The database is split into training, validation, and test sets to validate the ML model. To evaluate the model’s accuracy during training, we define the absolute difference between the predicted and actual atom position (mean absolute error MAE) as our prediction error.

Once the ML model is satisfactorily trained, the experimental 2D-DCS map is used as an input to generate the predicted molecular structure that most likely contributes to the measured interference signal [4].

3 Extracting Molecular Structure

Before we use our ML framework to retrieve the molecular structure of a complex molecule, we firstly exam the ML model accuracy by revisiting published experimental LIED data of a small linear 1D molecule acetylene (C2H2) [5] and a planar 2D molecule carbon disulfide (CS2) [6]. Table 1 summarizes the ML predicted structural parameters of the C2H2 and CS2 molecules. The predicted structures agree nicely with previous publications where the structure was extracted from the LIED data by a standard fitting routine.
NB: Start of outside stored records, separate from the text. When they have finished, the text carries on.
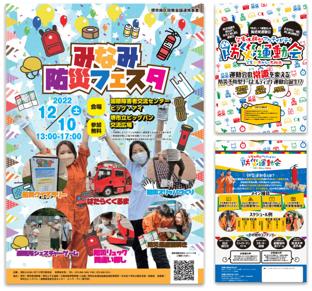みなみ防災フェスタは、堺市・南区にて開催された防災イベントです。IKUSAは、国際障害者交流センタービッグ・アイ屋内会場の体験型エリアにて、防災を楽しく学べるワークショップの運営をさせていただきました。また、ポスターやバナーの制作、ノベルティグッズの制作もサポートさせていただきました。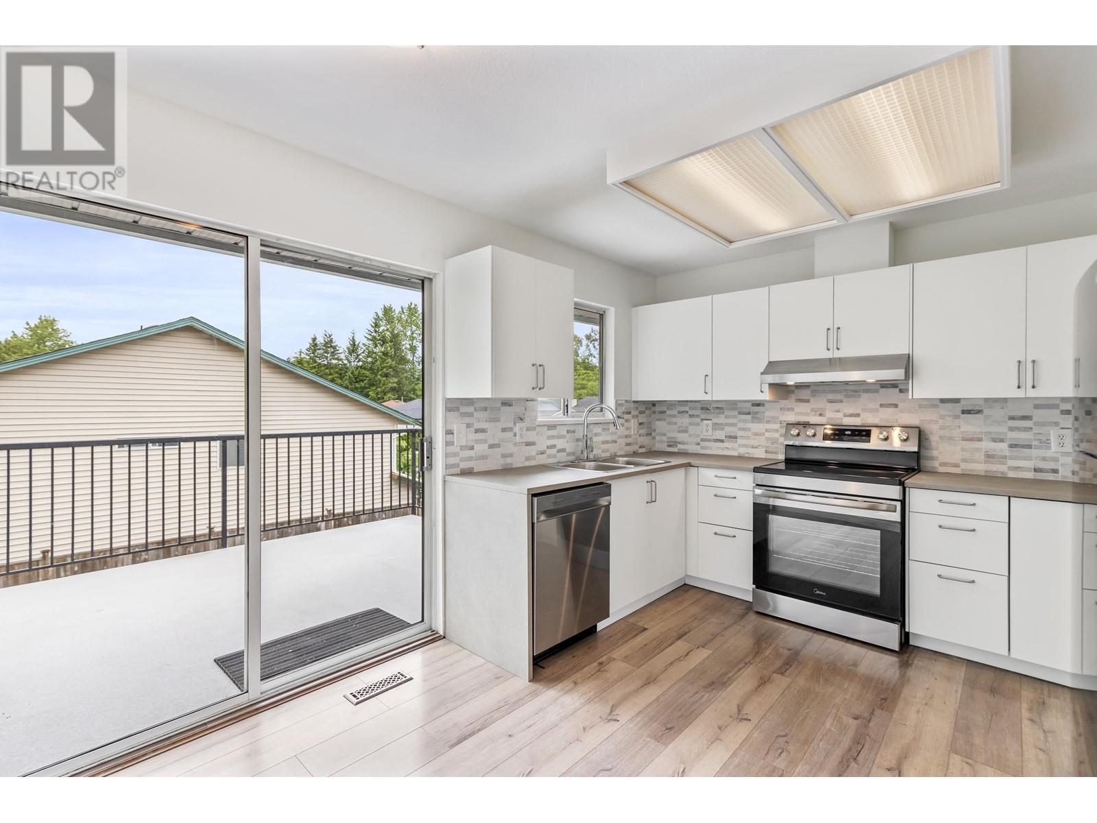 CENTRAL MAPLE RIDGE - Conveniently located basement entry home with fresh paint, new kitchen and appliances, and recent flooring throughout. Situated on a no through street, easy access to Abernethy Way, steps to transit, Alouette Elementary, and a quick walk to all the amenities of downtown. The level entry basement features tons of daylight, a walk out patio, 2 beds, and would make a great inlaw suite. Upstairs are 3 more beds, spacious living room with wood burning fireplace, and easy access to a large sundeck. Book your appointment with your Realtor today. *Photos showing furniture are virtually staged* Walk through Tour attached (id:48970) Show More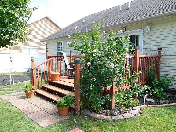 Attractive Ranch Home with great curb appeal. Welcome in, through an inviting front Foyer and Entry Way. Prismatic Lighting will guide you into the Vaulted Living Room with upper stained glass, half moon window and beautiful Tiffany-Style hanging Chandelier. Treat yourself to a large, eat-in Kitchen with all appliances and lots of cabinet space. Extra features include a center Island/Breakfast Bar and Desk Nook. Suds it up because the Master Bedroom is complete with its own private Bath including a separate shower and Whirlpool tub. Every Bedroom has its own walk in closet too. French Patio Doors lead out to a Deck and Park-Like back yard. Lots of gorgeous perennials, landscaping and even a fenced in yard. Don't be afraid to get dirty because there is a huge, finished Laundry Room. At the end of the day, rest assured, house is protected with ADT Security. Need I say More?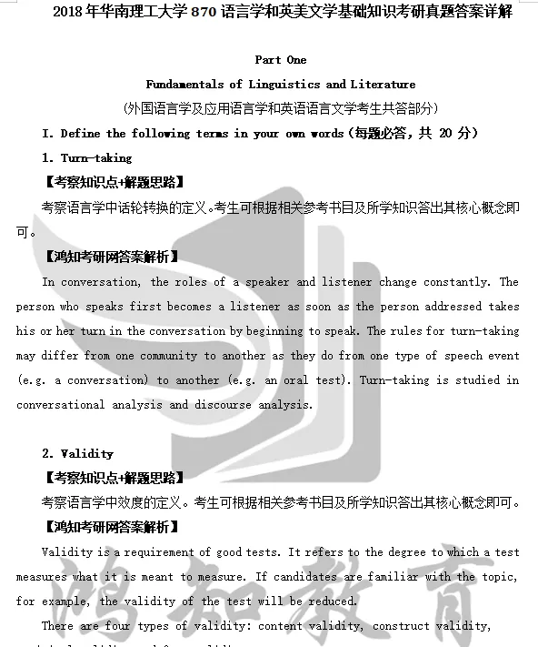 2011-2018年华南理工大学828英语语言文学综合(原870语言学和英美文学基础知识)考研真题答案详解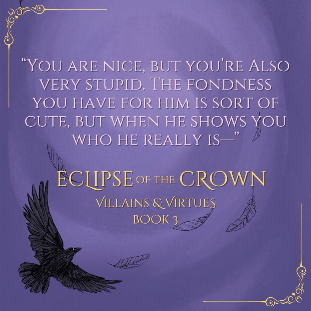 A snippet from Villains & Virtues, book three. It’s been a while since I’ve done a one line Wednesday. And it’s not one line, but whatever. I’m in a good place with these books, and I’m pumped to get them out, but it’s just slow going. Convincing myself to edit faster is so hard. I know explicitly that 4 fast edits and 1 slow one are better than 2 really slow ones, but getting myself to just barrel my way through the any revisions is haaaaaaaarrrrrrrrrrrrrd.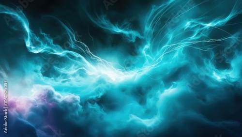 cosmic nebula, swirling blue gases, ethereal wisps, deep space, celestial formation, glowing energy, interstellar clouds, vibrant cyan, dark background, abstract galaxy, dreamlike atmosphere, luminous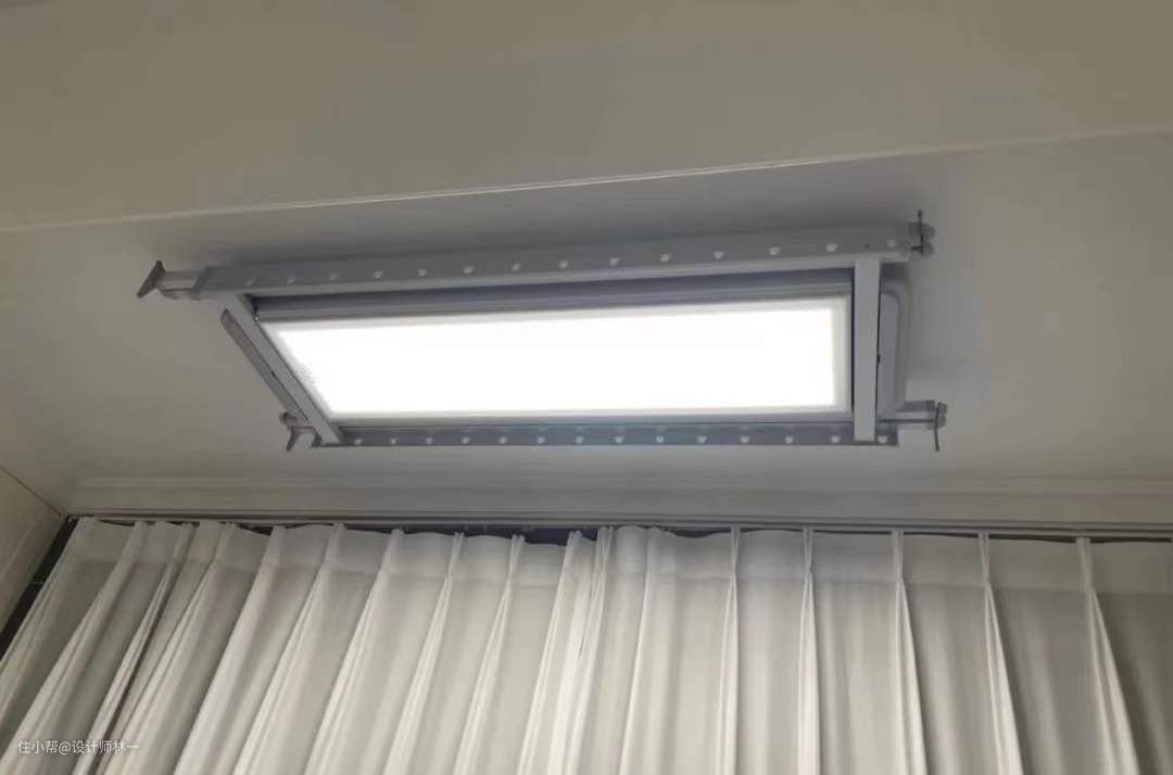 天花板使用了电动晾衣架,只有10cm的厚度,不晒衣服的时候藏在顶部完全不影响美观,自带全面板照明,三色光源可以切换,非常实用。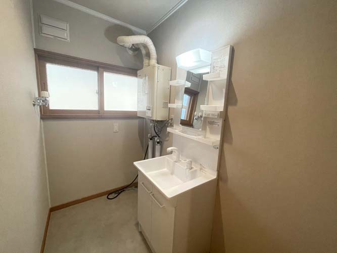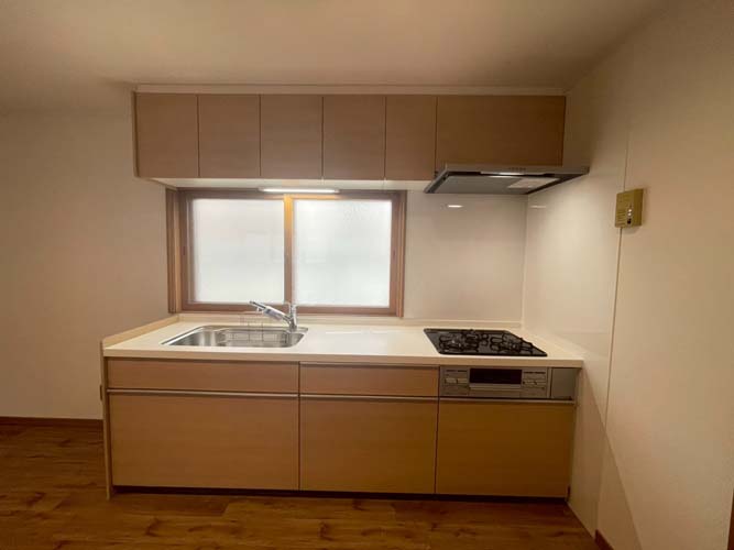 【リフォーム内容】≪水廻設備≫◆システムキッチン交換◆トイレ交換◆洗面化粧台交換◆ユニットバス交換≪その他リフォーム≫〇フローリング貼替〇クロス全室貼替〇クッションフロア貼替〇巾木交換〇シューズボックス交換≪設備関係≫■洗濯混合栓交換■レジスター取付■美装クリーニング■コンセントスイッチ交換■ボイラー移設交換■ダウンライト新設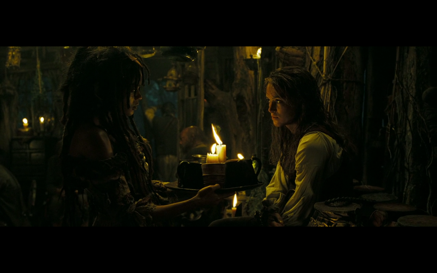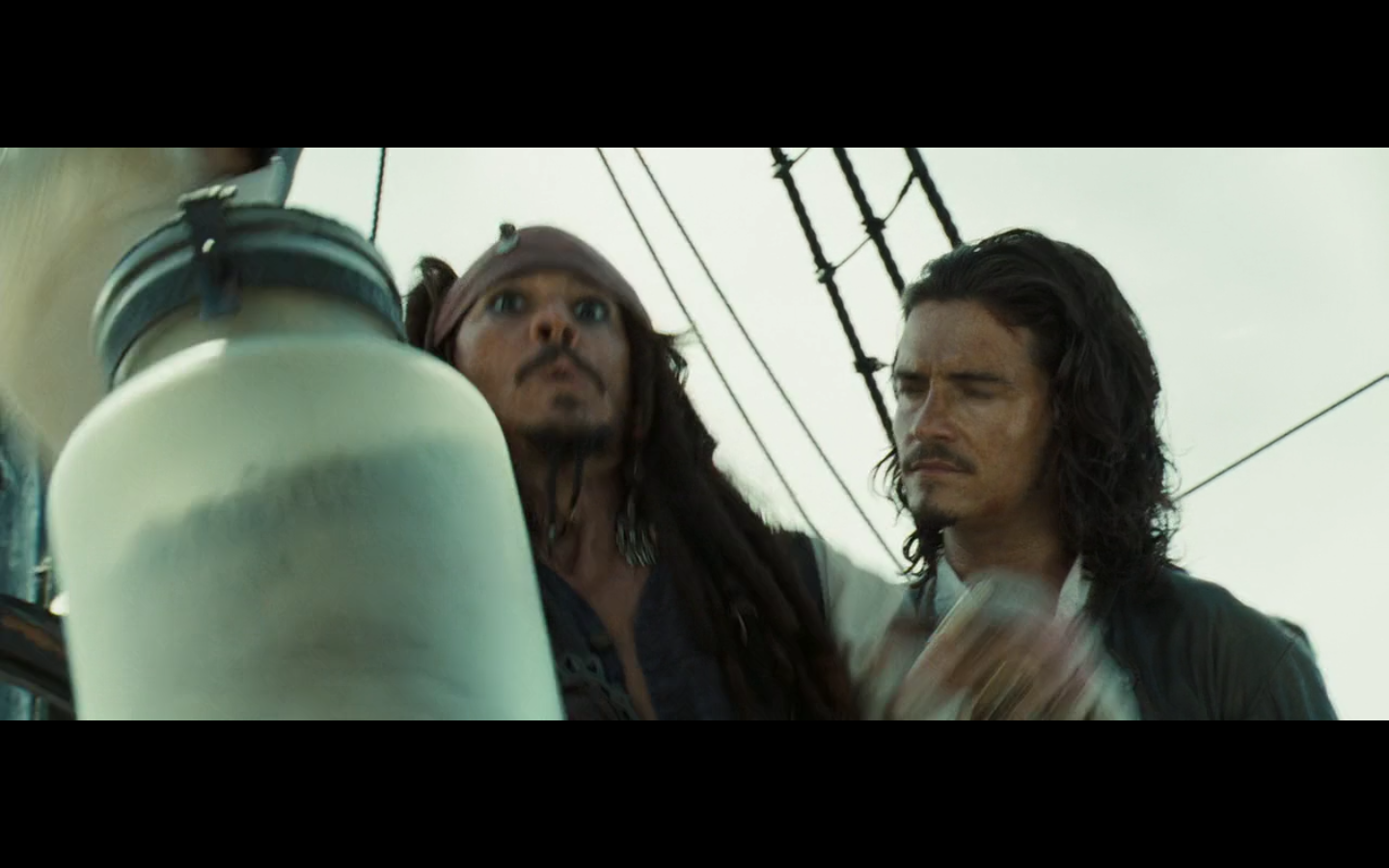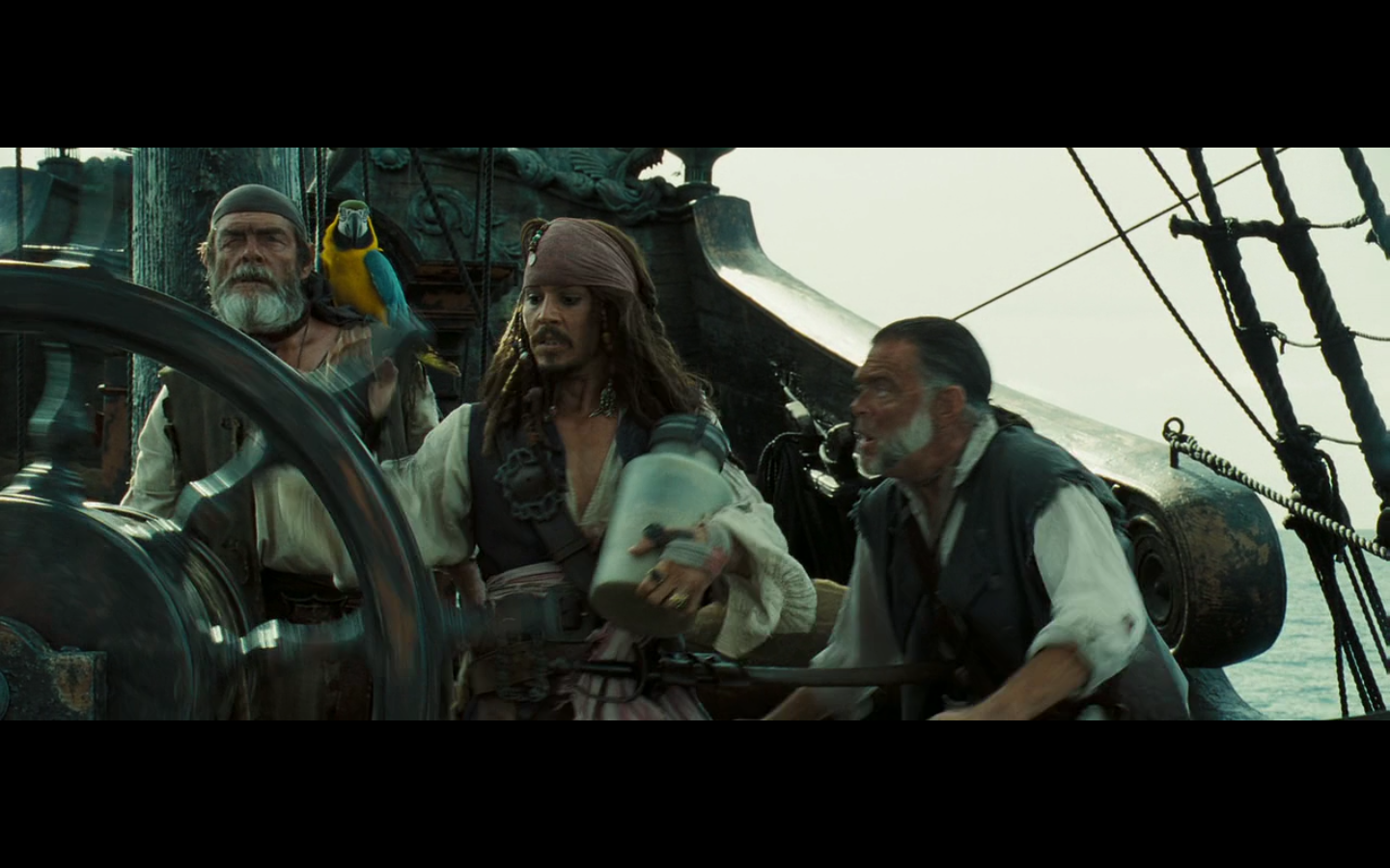 Barbossa is cool, though. And he’s got one of those apples. And the monkey was already here.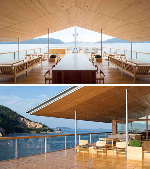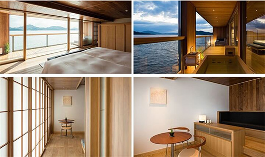 拥有「漂浮在濑户内海上旅馆」之称的豪华渡轮——Guntû,由建筑师Yasushi Horibe参与规划设计,船舱内拥有19间敞舒适的客房,同时附设健身房、美容沙龙、咖啡厅酒吧。酒店拥有一个带户外休息室的大型屋顶平台,一间酒吧和充足的空间,可欣赏到水景。还有一个室内休息室,有一个醒目的尖顶木制天花板和弧形酒吧。木头元素充满整个酒店,除了木镶板以及木地板,大部分家具也由木材制成。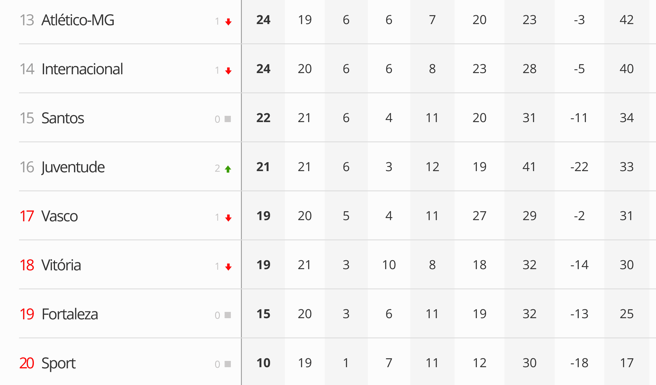 Vasco na 17ª colocação do Brasileiro após jogos da 21ª rodada sábado, 30/08/2025 às 23:15 — Em Últimas notícias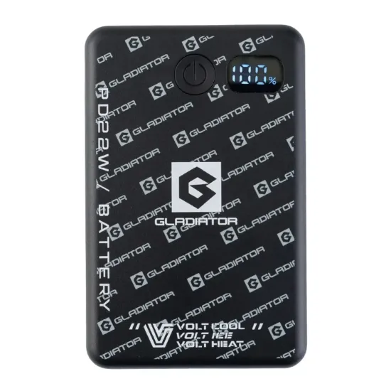 手のひらサイズでハイパワーを実現したGLADIATORのPD対応モバイルバッテリー。10000mAhの大容量と最大PD20W出力により、ファンやペルチェクーラーを安定駆動。デジタル残量表示で電池管理も簡単。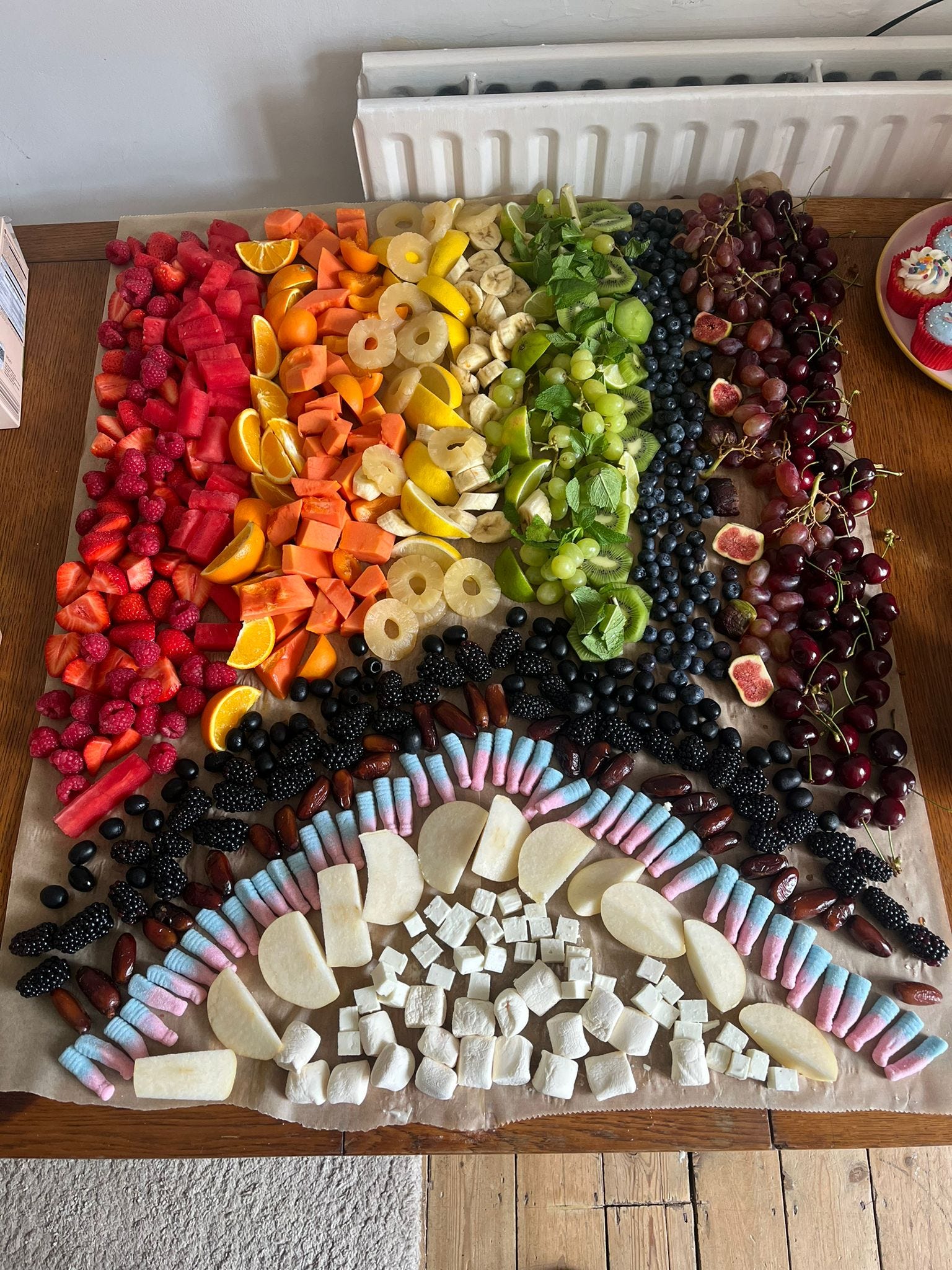 P.S. 🌈 Happy Pride! Check out this creative rainbow made from fruit (and a few olives!) by a friend: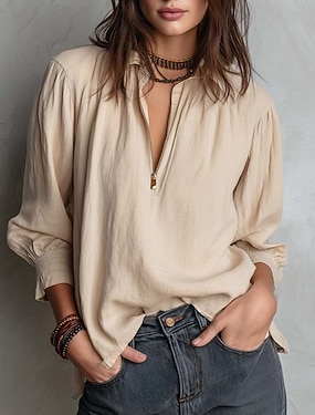 Per donna Misto cotone Blusa Bottoni Semplice Essenziale Moderno Manica 3/4 Scollo a V Top Regolari Quotidiano Ferie Uscire Nero Bianco Rosa Marrone Albicocca Estate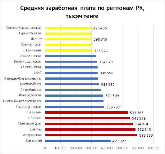 Средняя зарплата по стране была 421,3 тыс. тенге.

Table 1 Summary of C2H2 and CS2 structures predicted by machine learning (ML)

Then, we use our ML framework to study the configuration of a (+)-fenchone (C10H16O; 27 atoms) molecule which experimental 2D-DCS map is also determined with LIED. Retrieving the structure of such a complex molecule by using a standard fitting routine would require an unrealistic calculation time. For example, a calculation time of 1.4e+9 h would be needed to calculate only five variations of its possible structures. ML has the decisive advantage of interpolating and learning between the course grids of precalculated molecular geometries. Thus, we can sufficiently create an interpolated database that only considers the variation of four groups of atoms and a molecule-wide global change in structure. Let the machine itself interpolate the relationship between the molecular structures and corresponding 2D-DCSs with a reduced database, drastically minimizing computational time. Observing the MAE converges to a constant value of ~0.02 involved with the training and validation data sets, we verify that the model is not over/underfitting and is satisfactorily trained. Furthermore, the Pearson correlation coefficient is found to be 0.94, confirming the strong correlation between the experimental and predicted theoretical 2D-DCS.

Figure 2 shows the predicted 3D Cartesian coordinates (x, y, z) for seven atoms in (+)-fenchone that are retrieved from the experimental data by the ML model (green circles). The error bars included the predicted model error as well as the experimental statistical error. The equilibrium ground-state 3D positions of neutral (+)-fenchone are presented by red triangles. The slight deviation of the ML-LIED measured, and the equilibrium ground-state molecular structure is caused involuntarily by the LIED laser field. In addition, the schematic of the predicted 3D (+)-fenchone molecule is also shown. Here, the green circles indicate the degree of uncertainty.

4 Summary

We implement ML-LIED to retrieve atomic positions of 1D, 2D, and complex 3D molecules with picometer and attosecond resolution. The ML-based framework achieves high-accuracy pattern matching in complex solution spaces while overcoming scaling limitations in a standard fitting routine. Not just LIED, the problem of unfavorable scaling also arises with other diffraction methods. Combining ML with LIED offers a new general solution to overcome long-standing problems and opens up new opportunities to image the structure of large, complex molecules.